Translated by Chae-Pyong Song and Anne Rashid
Trees Standing on the Edge by Jung Kut-byol
I once saw nameless trees
twining their bodies around the barbed wire, growing,
allowing the chains to penetrate their bodies, growing,
embracing the shrapnel driven into their bodies, growing,
absorbing into their bodies railings or fences, growing.
It’s as if they embraced
what restrains them,
without strength to extract these restrictions;
it’s as if they drew in
what impedes them,
without any way to gain their footing,
even though it could cause burning scars.

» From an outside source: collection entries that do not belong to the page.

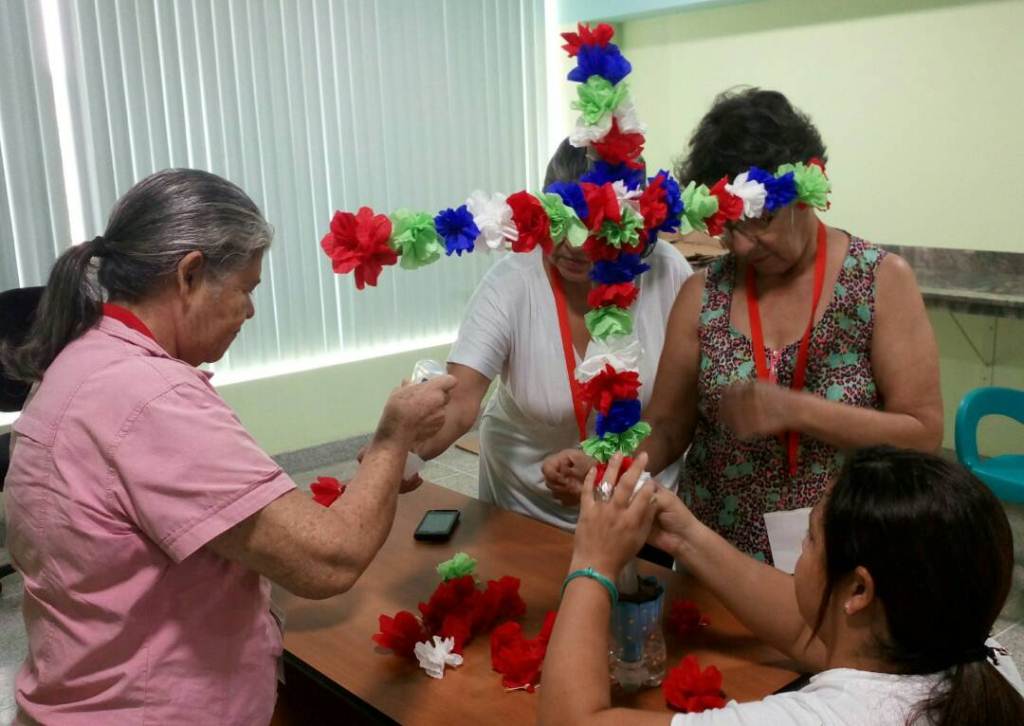 Es por ello que los abuelos que cada día disfrutan de las múltiples actividades que se preparan para ellos en la fundación, se organizaron y bajo la asesoría de los especialistas que allí trabajan realizaron hermosas flores en papel crepé de varios colores para adornar una pequeña cruz de madera.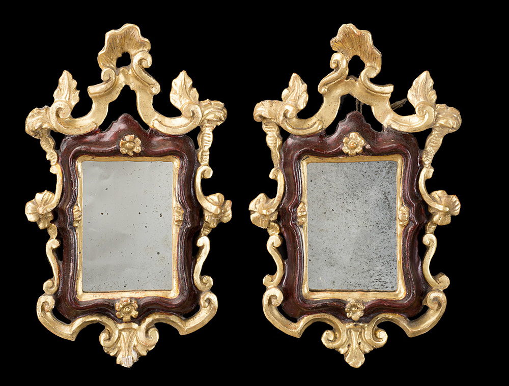 Coppia di piccole specchiere in legno intagliato, laccato e dorato a fiori e volute fogliate e traforate. Sec. XVIII (cm 30x18) (difetti e restauri) A pair of carved giltwood mirrors. 18th century (cm 30x18) (defects and restorations)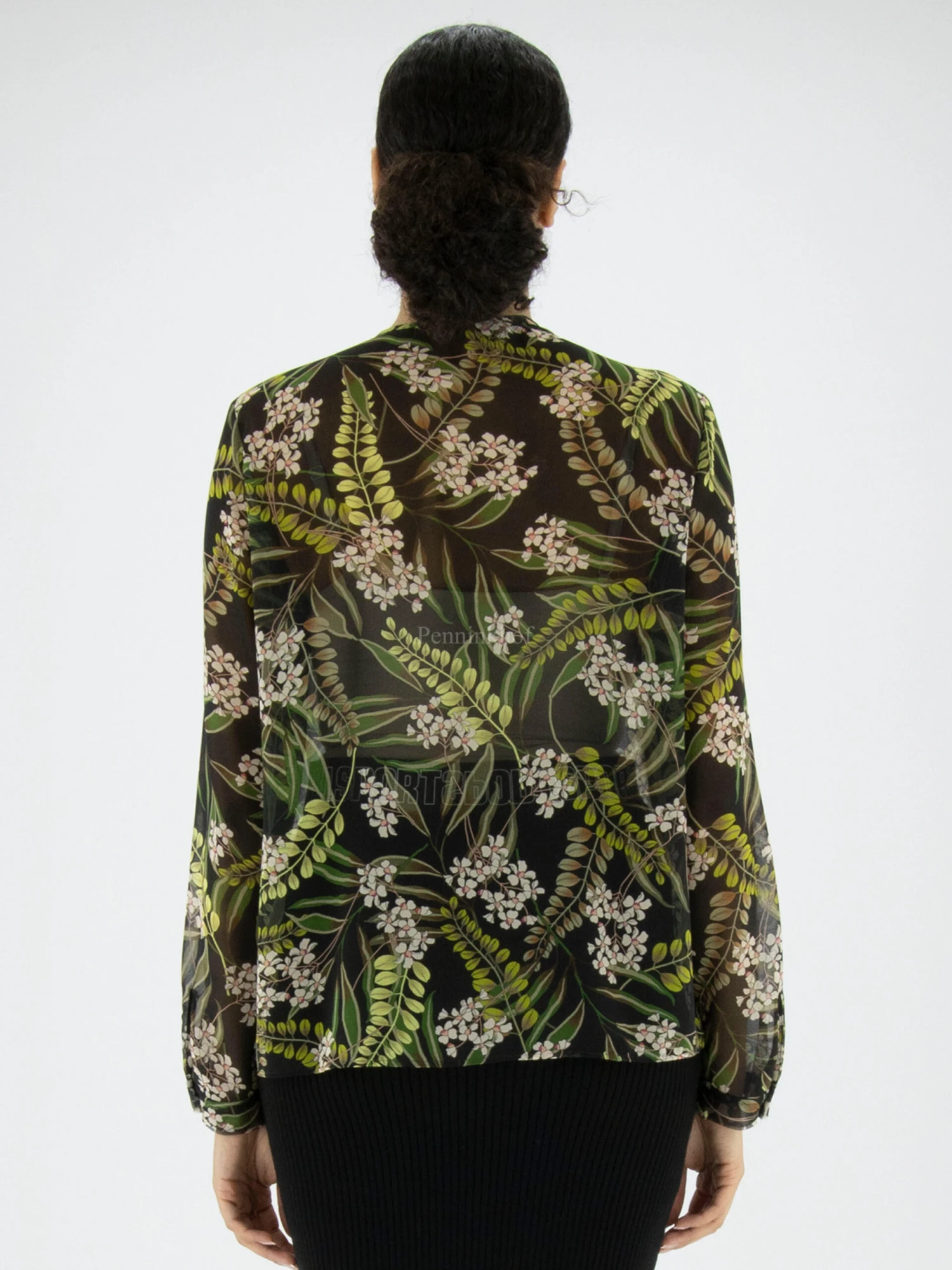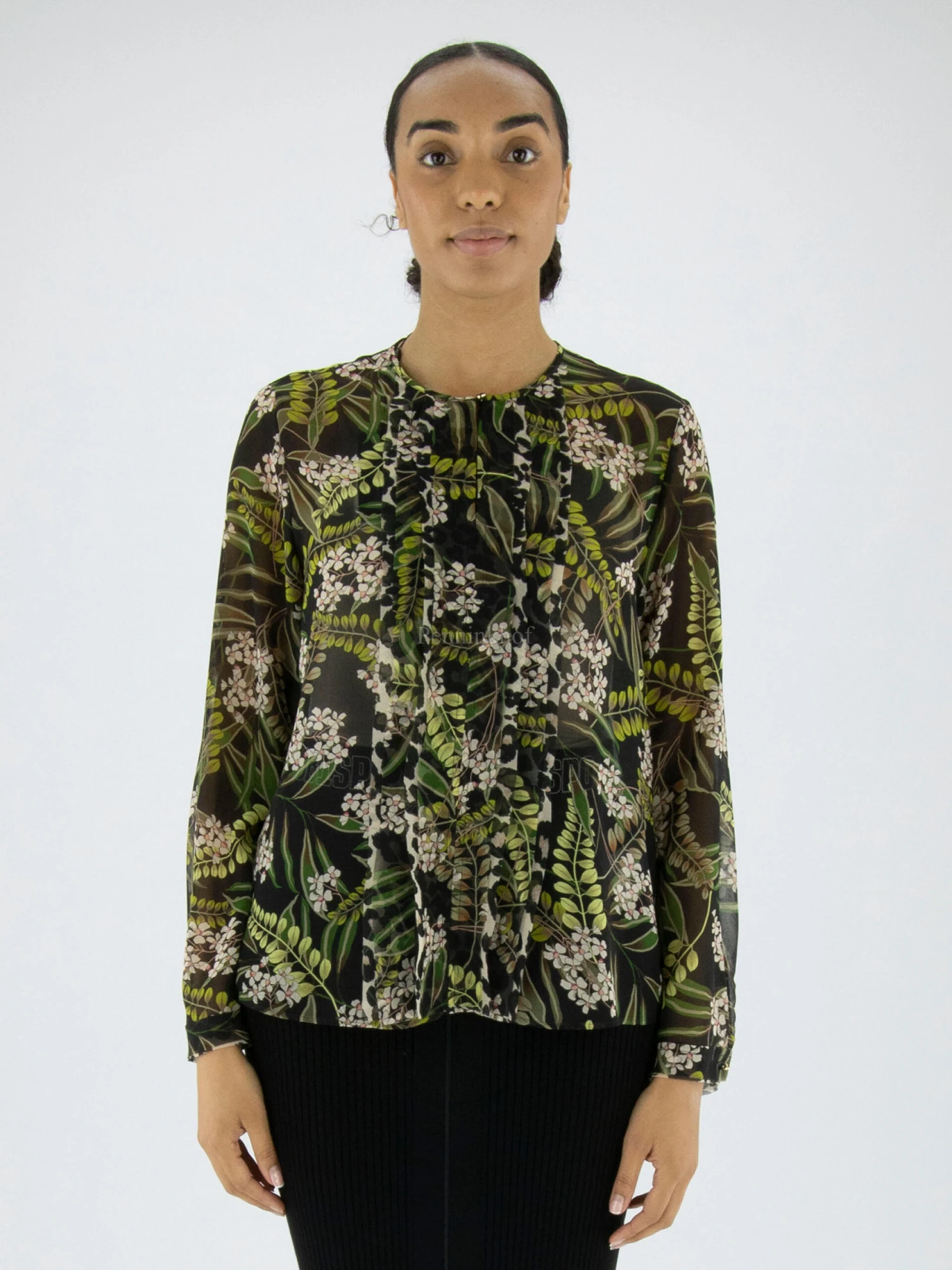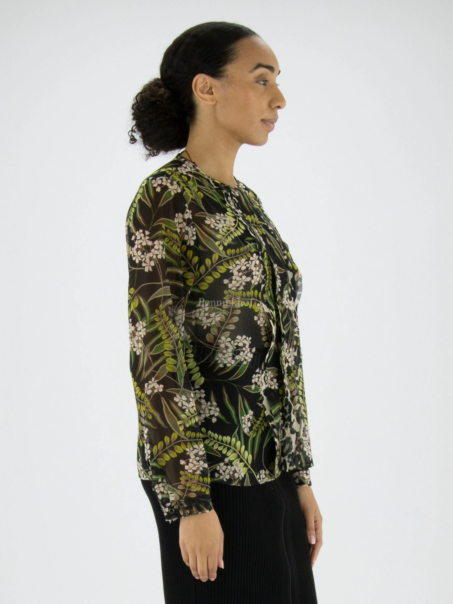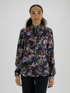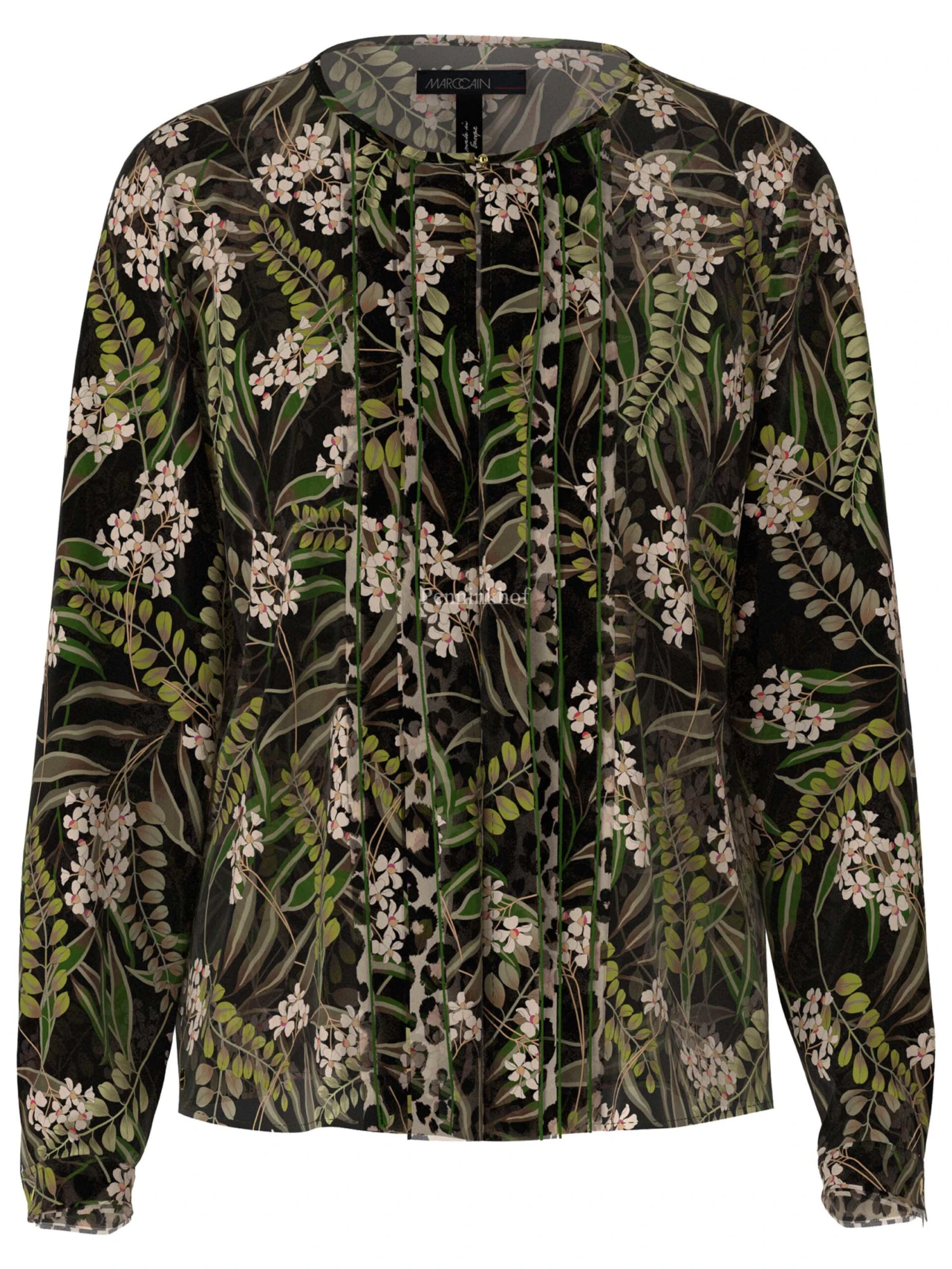 Een licht transparante blouse van Marc Cain in een print van lelietjes van dalen. Vanuit de hooggesloten ronde hals is een uitsnijding in het midden tot aan de buste. Langs de uitsnijding en de naad is aan beide kanten een bies van een 3 dubbele stof. Deze blouse mag op 30 graden worden gewassen.

So, in this twenty-first century,
let us not love too intensely.
끝에 선 나무들/ 정끝별
철조망과 제 몸을 섞어가며 자라는
체인을 제 몸에 밀어넣고 자라는
제 몸에 박힌 수류탄 껍질을 품고 자라는
난간이나 울타리를 제 몸에 삼킨 채 자라는
이름 모를 나무들을 본 적 있다
밀어내는 힘이 없을 때
품어안았던 것도 같다
뛰어넘을 수 있는 발판이 없을 때
차라리 빨아들였던 것도 같다
뜨거운 흉터가 될 줄 알면서도
우리 너무 깊이 사랑하지 말자
Jung Kut-byol (1964-) was born in Naju, Jeollanam-do. She is a professor of Korean literature at Myungji University in Seoul. Working as both a poet and a critic, she has published four poetry collections: My Life: a Birch Tree (1996), A White Book (2000), An Old Man’s Vitality (2005) and Suddenly (2008), along with two collections of critical essays: The Poetics of Parody (1997) and The Language of Poetry Has a Thousand Tongues (2008). She has also edited an anthology entitled In Anyone’s Heart, Wouldn’t a Poem Bloom?: 100 Favorite Poems Recommended by 100 Korean Poets (2008).